9 Lab: Hello R!
Many of the labs for this course have been adapted from a series of Rstudio tutorials. These tutorials were initially created by Mine Çetinkaya-Rundel. Mine is fantastic; her work is fantastic; and she’s just a badass!
I have adapted these tutorials for two reasons:
I think it useful to see other people working with R; and
Pragmatically, adapting Mine’s lab materials means that I can spend more time on other aspects of the course – like the website, course notes, videos, feedback, learning how to embed tweets…

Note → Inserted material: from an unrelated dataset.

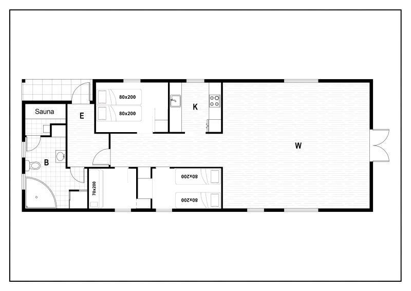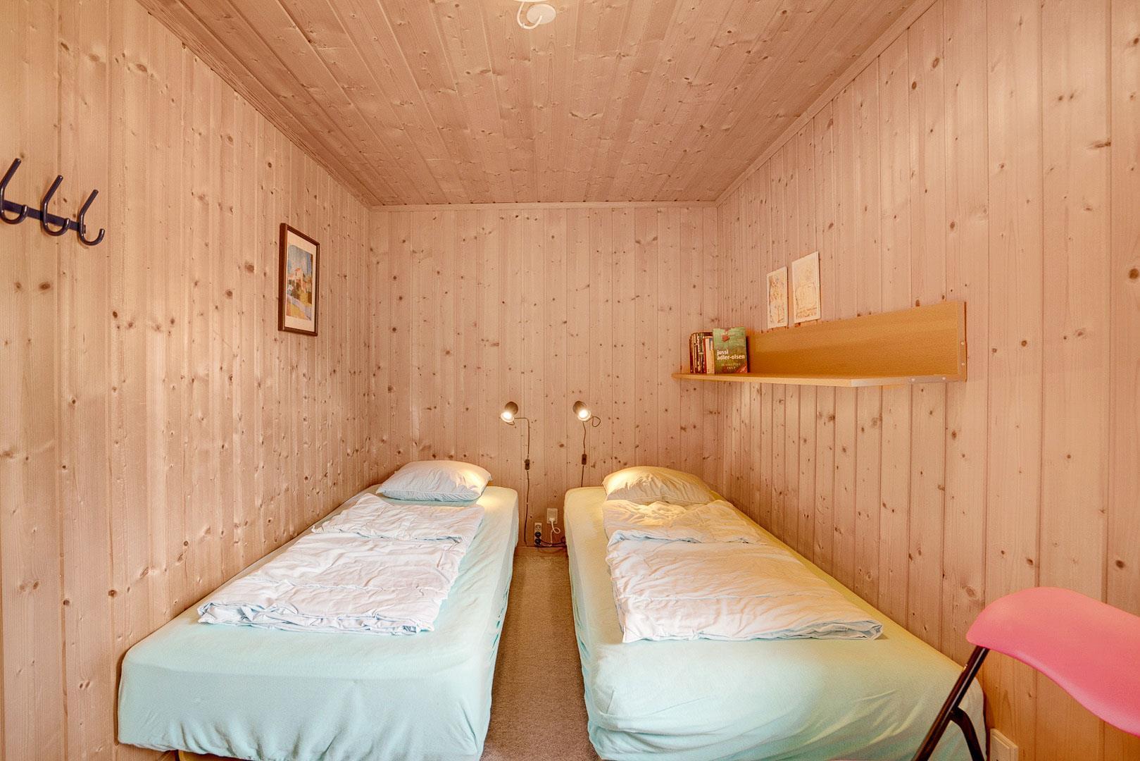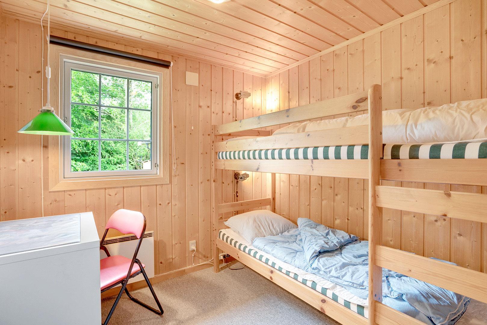 Sengestørrelse: 1 dobbeltseng med 2 madrasser 80 x 200 cm + 2 enkeltsenge 80 x 200 cm + 1 køjeseng 70 x 200 cm.

That's so wonderful to hear, thank you!
— Mine Çetinkaya-Rundel (@minebocek) January 22, 2021
Seriously, you’d never know it, but every hour of finished video takes between 6 and 8 hours to make. (3 hours of writing, 1.5 hours of filming, and 3.5 hours for video editing).
About The Hello R Lab
This lab, collectively named the Hello R lab, is divided into two parts, A and Z. The first part, Aloha R, is focused on setting up GitHub, RStudio, and YAML. It also introduces some basics of R Markdown. The second part, Zdravo R, is the heart of the lab excercises, with a series of data visualization and analysis tasks, introducing ggplot2
, dplyr
, and related tools.
This is the hardest lab of the semester, but it’s also the most important. If you can get through this, you can get through anything. Please complete the lab in order, and don’t skip ahead. You’ll need to know the basics before you can do the more advanced stuff.
Lab Goals
Recall: R is the name of the programming language itself, and RStudio is a convenient interface.
The primary goal of this lab is to introduce you to R and RStudio, tools we will use throughout the course: * to learn the statistical concepts discussed in the course, and * to analyze real data and come to informed conclusions.
Recall: git is a version control system (like “Track Changes” features from Microsoft Word on steroids), and GitHub is the home of your Git-based projects on the Internet (like DropBox but much, much better).
The second goal is to introduce you to Git and GitHub, the collaboration and version control system that we will use throughout the course.
As the labs progress, you are encouraged to explore beyond what the labs dictate; a willingness to experiment will make you a much better programmer. Before we get to that stage, however, you need to build some basic fluency in R. Today, we’ll start with the foundational building blocks of R and RStudio: the interface, reading in data, and basic commands.
To make versioning simpler, this lab is a solo lab. I want to make sure everyone gets a substantial amount of time at the steering wheel, working directly with R.